►

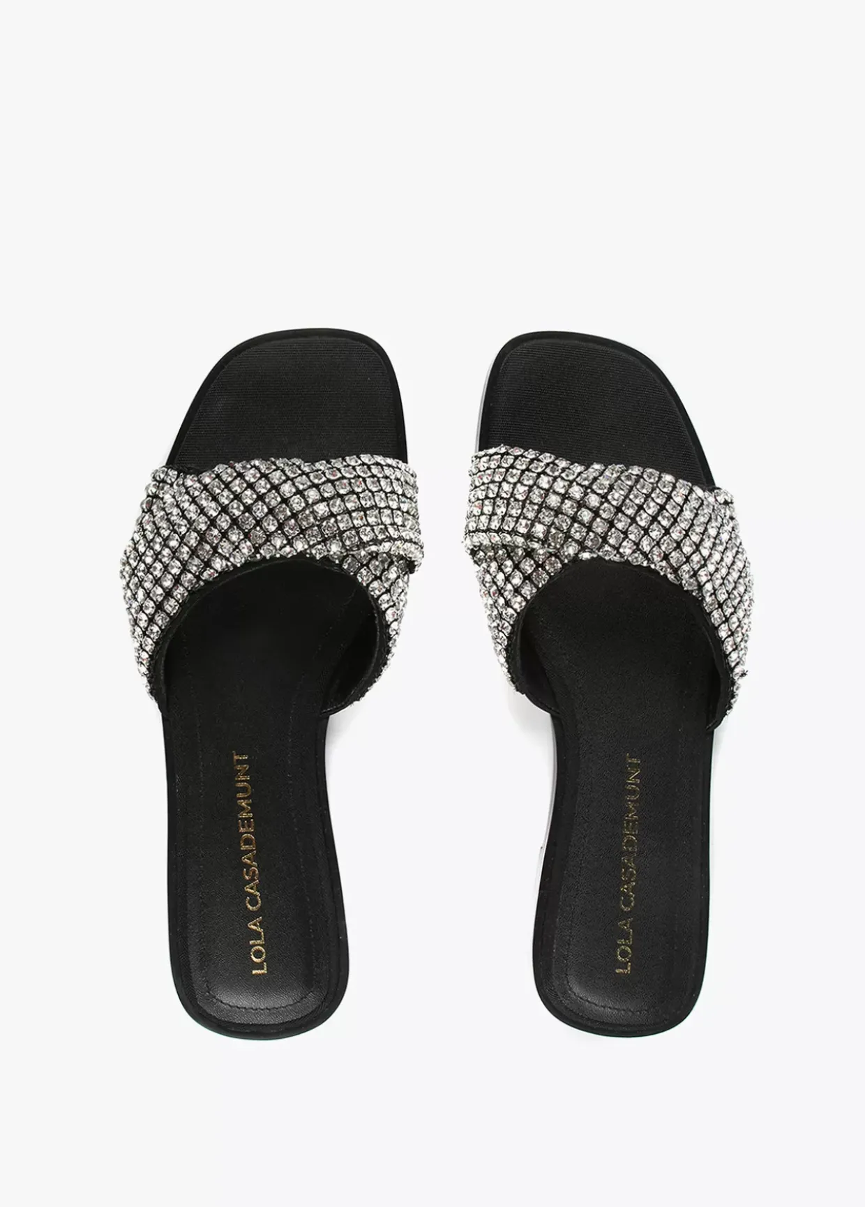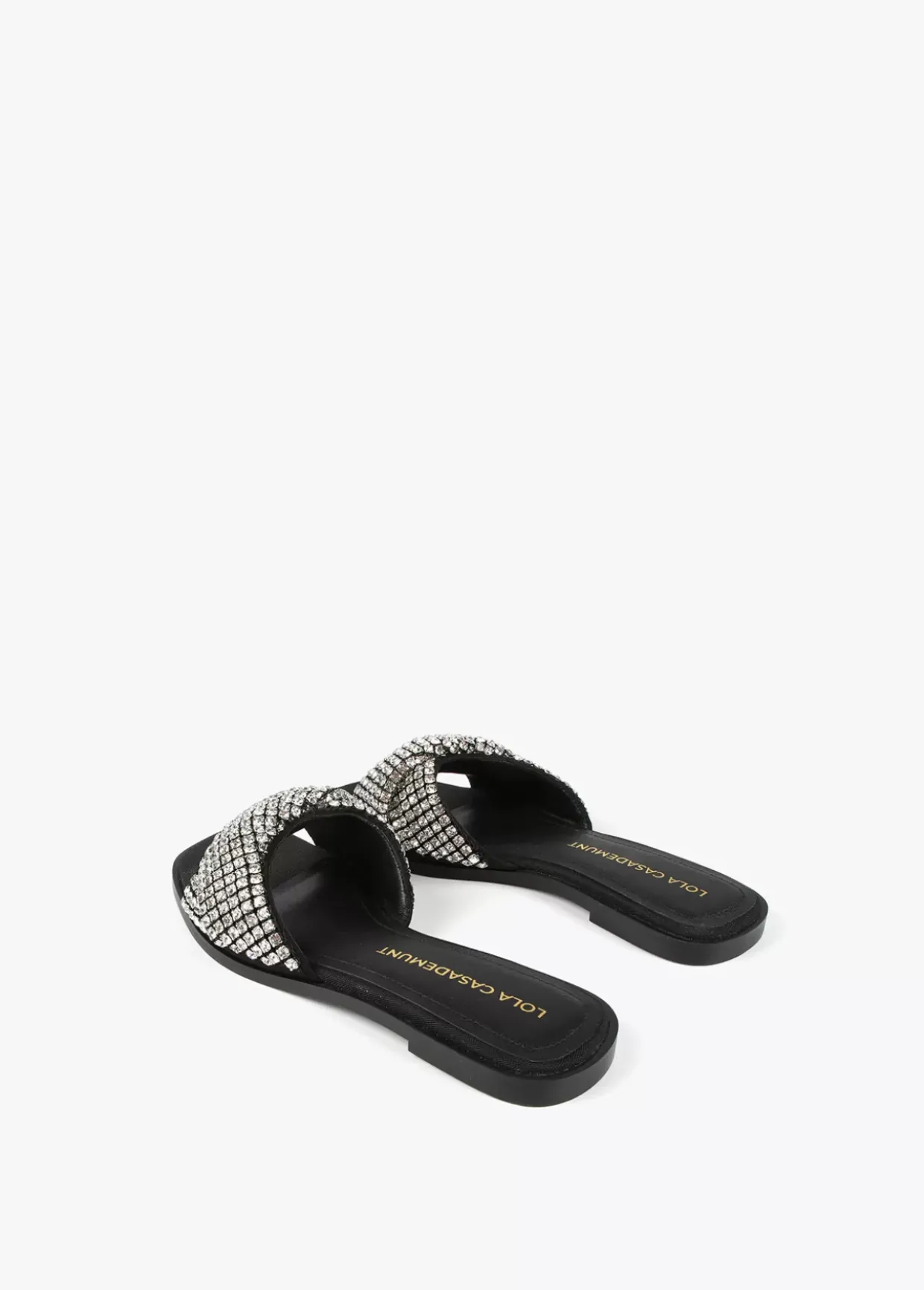 Sandalia plana con cristales en zona empeine. Suela y plantilla en color negro logotipada.
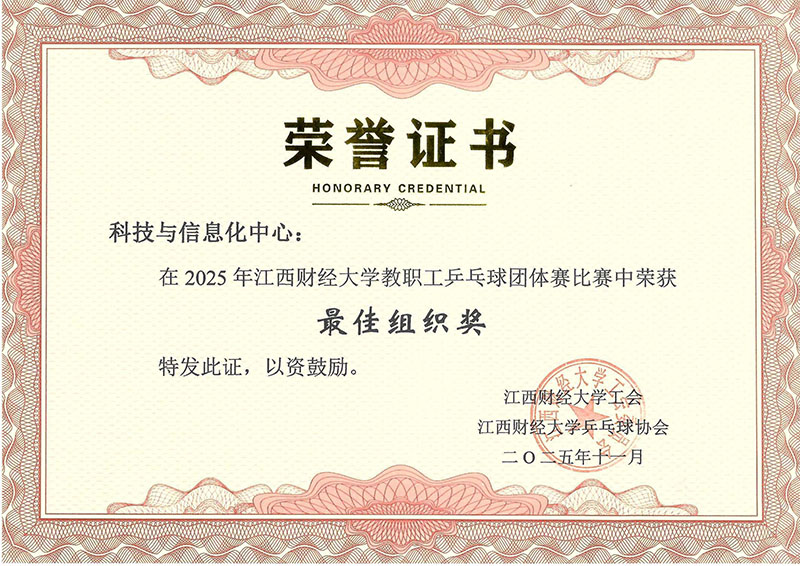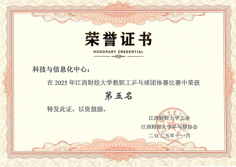 近日,校工会组织开展了“2025年江西财经大学教职工乒乓球团体赛”,中心分工会积极组织,精心选派教职工参赛。经过激烈角逐,中心代表队在全校十一支参赛队伍中脱颖而出,最终斩获团体第五名的优异成绩,同时,凭借赛事组织期间的出色表现,中心还荣获了“最佳组织奖”。
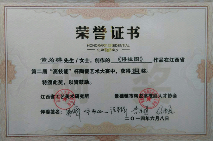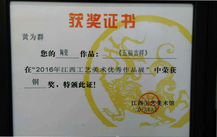 創(chuàng)作的《五福吉祥》在2016年江西工藝美術(shù)優(yōu)秀作品展中榮獲“銅獎”。并被江西工藝美術(shù)館收藏。 作品《釉上粉彩童子》經(jīng)中國陶瓷藝術(shù)文化發(fā)展中心評審委員會評定為“特別金獎”。
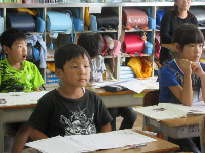 クラスのよっては、担任の先生が『読み聞かせ』をやっていました。3年生は、『ジュゲム、ジュゲム ……』の本を読んでいました。一緒に、名前を読む場面もありました。
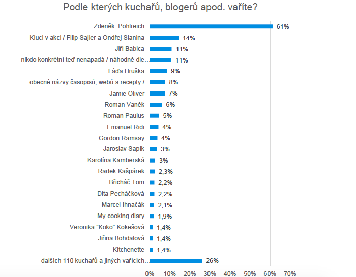 V otázce konkrétních oblíbenců žebříček popularity ovládl Zdeněk Pohlreich, kterého spontánně zmínilo 61 % lidí, s velkým odstupem ho následuje duo Kluci v akci (14 %) a Jiří Babica (11 %) s kuchařem Láďou Hruškou (9 %).
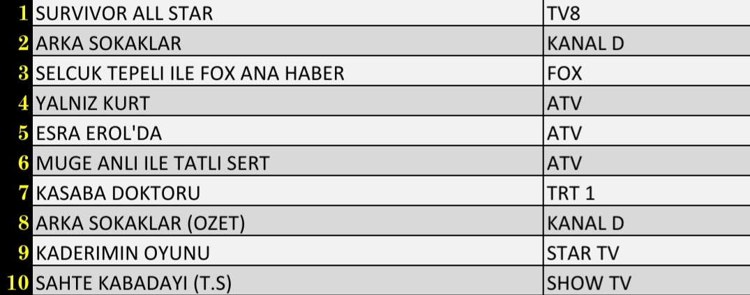 Total izleyici grubunda dün TV8 ekranlarında yayınlanan Survivor All Star en çok izlenen olurken Kanal D ekranlarının vazgeçilmezi haline gelen Arka Sokaklar dizisi ikinci oldu. Listenin devamı ise şöyle oluştu; Selçuk Tepeli ile FOX Ana Haber üçüncü, Yanlız Kurt dördüncü, Esra Erol'da beşinci sıraya yerleşti.
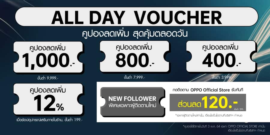 - Follow us! Voucher คูปองพิเศษเมื่อติดตาม OPPO Official Store ตั้งแต่วันที่ 27 เมษายน 2564 รับฟรี! คูปองส่วนลด 120 บาท เมื่อซื้อขั้นต่ำ 399 บาท โดยสามารถใช้คูปองได้เฉพาะวันที่ 3 พฤษภาคม 2564 เท่านั้น
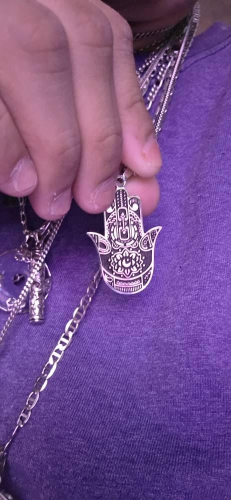 This unisex necklace honors the sacred symbol of the Hamsa Hand (aka Hand of Fatima), a symbol of protection against harm. Said to bring goodness, abundance, fertility, luck and good health.
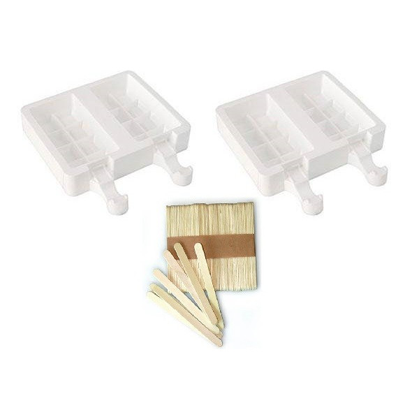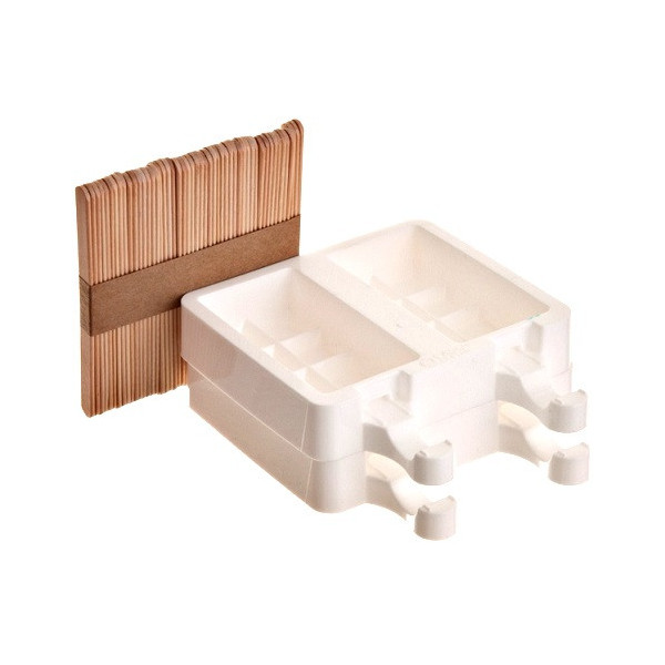 La confezione contiene: 2 stampi in silicone (per un totale di 4 cavità), cinquanta stecchi in legno, un ricettario
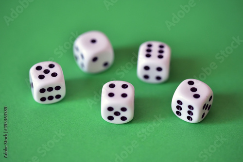 five dice on green
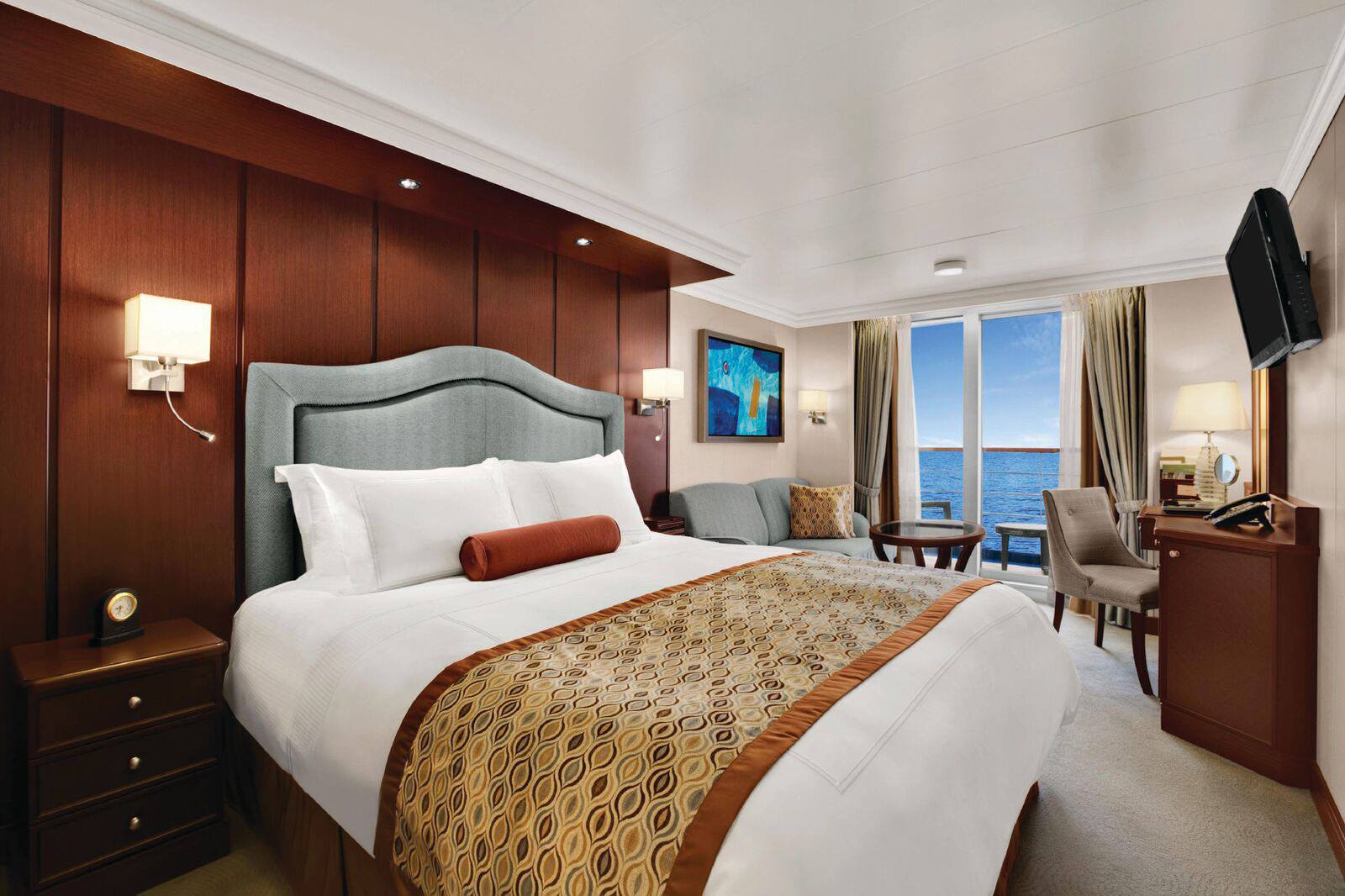Both ships offer four open-seating restaurants, world-class fitness centres and spas, lounges and bars, a casino, 342 lavish suites and luxurious staterooms. And with just 684 guests, the 400 professionally trained staff onboard ensures that all guests receive the utmost attention and care.
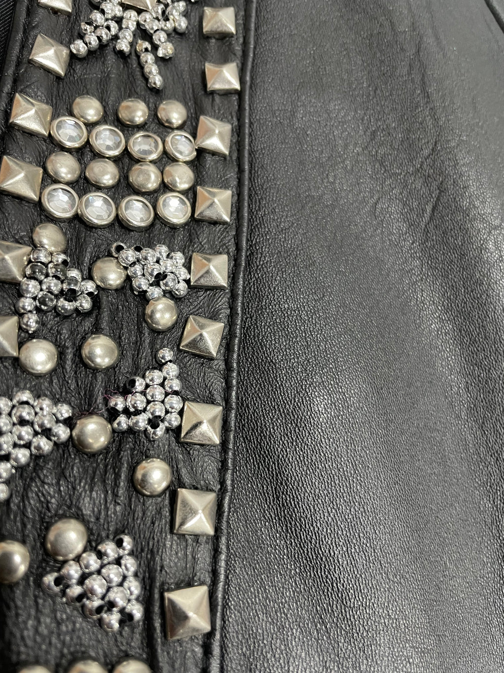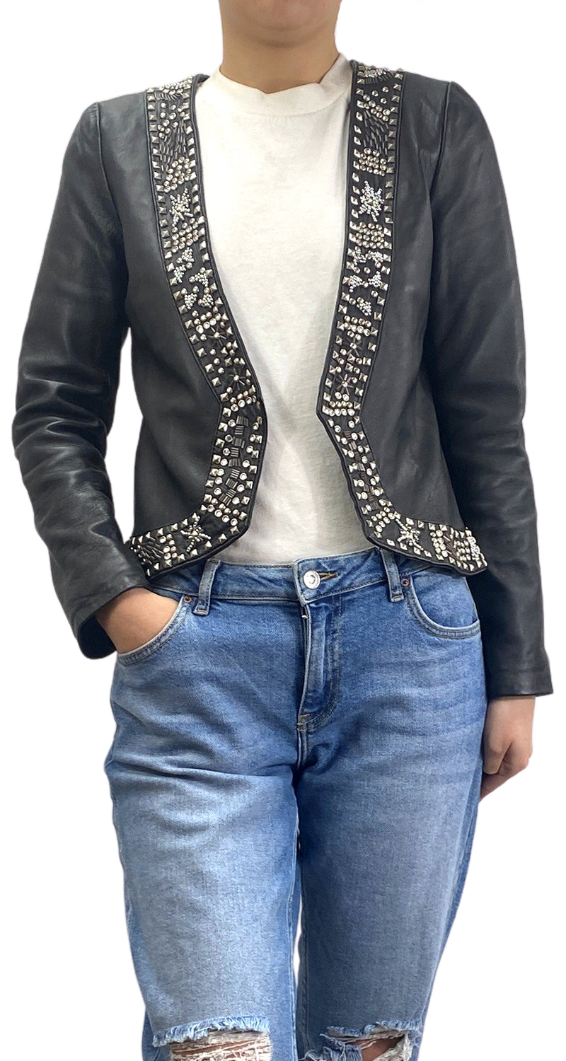 Chaqueta de cuero color Negro con aplicaciones de tachas, mostacillas, canutillos y brillantes.

◄

▸ **THE PROBLEM**: Range to copy from the records above: the line containing "V otázce konkrétních" to the line containing "five dice on green", both included. Output those lines exactly and only those, skipping pictures.

▸ **ANSWER FOR THIS EXERCISE**:
 V otázce konkrétních oblíbenců žebříček popularity ovládl Zdeněk Pohlreich, kterého spontánně zmínilo 61 % lidí, s velkým odstupem ho následuje duo Kluci v akci (14 %) a Jiří Babica (11 %) s kuchařem Láďou Hruškou (9 %).
 Total izleyici grubunda dün TV8 ekranlarında yayınlanan Survivor All Star en çok izlenen olurken Kanal D ekranlarının vazgeçilmezi haline gelen Arka Sokaklar dizisi ikinci oldu. Listenin devamı ise şöyle oluştu; Selçuk Tepeli ile FOX Ana Haber üçüncü, Yanlız Kurt dördüncü, Esra Erol'da beşinci sıraya yerleşti.
 - Follow us! Voucher คูปองพิเศษเมื่อติดตาม OPPO Official Store ตั้งแต่วันที่ 27 เมษายน 2564 รับฟรี! คูปองส่วนลด 120 บาท เมื่อซื้อขั้นต่ำ 399 บาท โดยสามารถใช้คูปองได้เฉพาะวันที่ 3 พฤษภาคม 2564 เท่านั้น
 This unisex necklace honors the sacred symbol of the Hamsa Hand (aka Hand of Fatima), a symbol of protection against harm. Said to bring goodness, abundance, fertility, luck and good health.
 La confezione contiene: 2 stampi in silicone (per un totale di 4 cavità), cinquanta stecchi in legno, un ricettario
 five dice on green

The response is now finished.